See BENCHMARKS.md for detailed detection rates.

Is SecMask open source?

Yes! SecMask is released under dual licensing:

SecMask codebase: MIT License (training scripts, inference code, documentation)
Fine-tuned models: Apache 2.0 (inherited from DistilBERT and Longformer base models)

You can:

✅ Use freely in commercial projects
✅ Modify and redistribute
✅ Contribute improvements
✅ Fine-tune for your own use cases

Attribution required for:

DistilBERT base model (© Hugging Face, Apache 2.0)
Longformer base model (© Allen Institute for AI, Apache 2.0)

See LICENSE and NOTICE for full details.

How accurate is SecMask?

On our test set (600 examples) at τ=0.80 threshold:

F1 Score: 0.52 (NER model only)
Precision: 82% (low false positives, production-safe)
Recall: 38% (NER component)

Production Note: These metrics represent the NER models alone. Production deployments combine NER detection with deterministic filters (PEM blocks, K8s secrets, pattern-based matching) for comprehensive secret coverage while maintaining the high precision guarantee.

See BENCHMARKS.md for detailed metrics and evaluation methodology.

Technical Questions

What is Mixture of Experts (MoE)?

MoE is an architecture where multiple specialized models ("experts") handle different types of inputs:

Router decides which expert to use based on input characteristics
Fast Expert (DistilBERT, 512 tokens) handles most cases quickly
Long Expert (Longformer, 2048 tokens) handles complex cases

This gives us both speed (6ms average) and accuracy.

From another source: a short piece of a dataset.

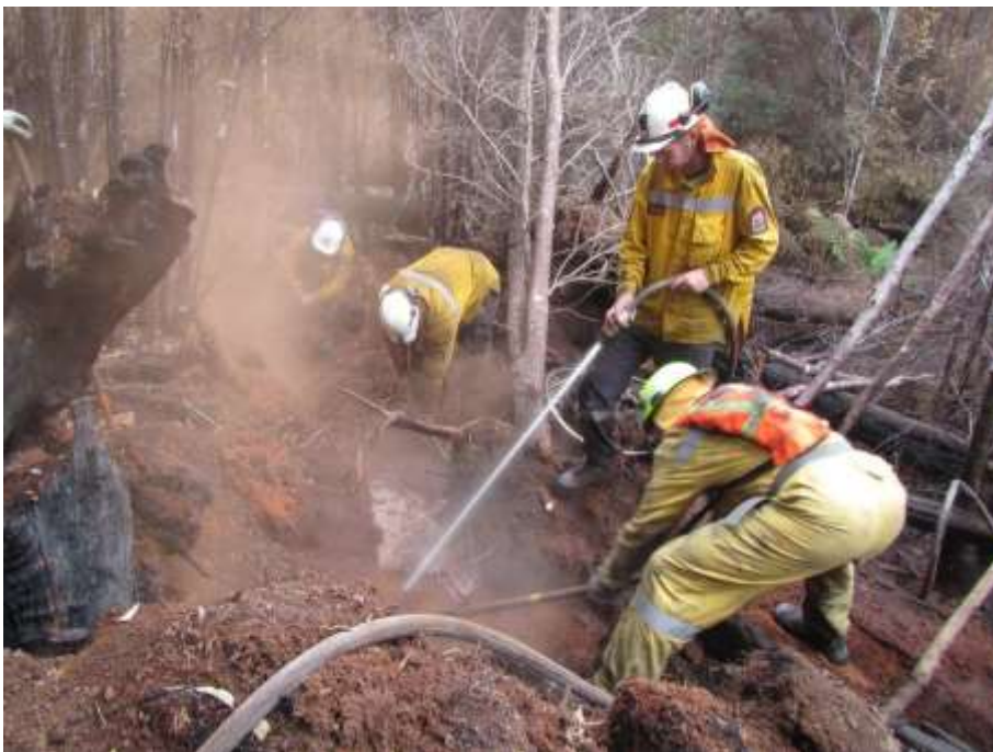
Photo: Taskforce Charlie hard at work digging up hot spots.

Why two models instead of one?

Trade-off between speed and capacity:

Aspect	Fast Expert	Long Expert
Latency	6ms	12ms
Max tokens	512	2048
Model size	268MB	592MB
Use case	Single secrets	Long configs

Using both gives us the best of both worlds:

92.7% of texts processed in 6ms (fast expert)
Complex cases escalated to long expert automatically

How does the router work?

The router uses heuristics to decide which expert to use:

def should_escalate(text):
    """Decide if we need long expert"""

    # Fast expert if text is short
    if len(text.split()) < 100:
        return False

    # Fast expert if no complex patterns
    if not has_multi_line_structure(text):
        return False

    # Otherwise, use long expert
    return True

See router.py for full implementation.

Can I train my own models?

Yes! See train_ner_masker.py for the training script.

Requirements:

Labeled dataset (BIO-tagged secrets)
GPU (NVIDIA T4 or better)
~2 hours training time

Steps:

# Prepare data (see data/README.md)
python data/make_v2_data.py

# Train fast expert
python train_ner_masker.py \
  --model-name distilbert-base-uncased \
  --train-file data/v2_train.jsonl \
  --val-file data/v2_val.jsonl

# Train long expert
python train_longformer_expert.py \
  --model-name allenai/longformer-base-4096 \
  --train-file data/long_context_train.jsonl \
  --val-file data/long_context_val.jsonl

What is the model architecture?

Fast Expert:

Base: distilbert-base-uncased (66M parameters)
Task: Token classification (NER)
Labels: O (non-secret), B-SECRET, I-SECRET
Context window: 512 tokens

Long Expert:

Base: allenai/longformer-base-4096 (149M parameters)
Task: Token classification (NER)
Labels: Same as fast expert
Context window: 2048 tokens (4096 max)

Both use standard HuggingFace transformers architecture.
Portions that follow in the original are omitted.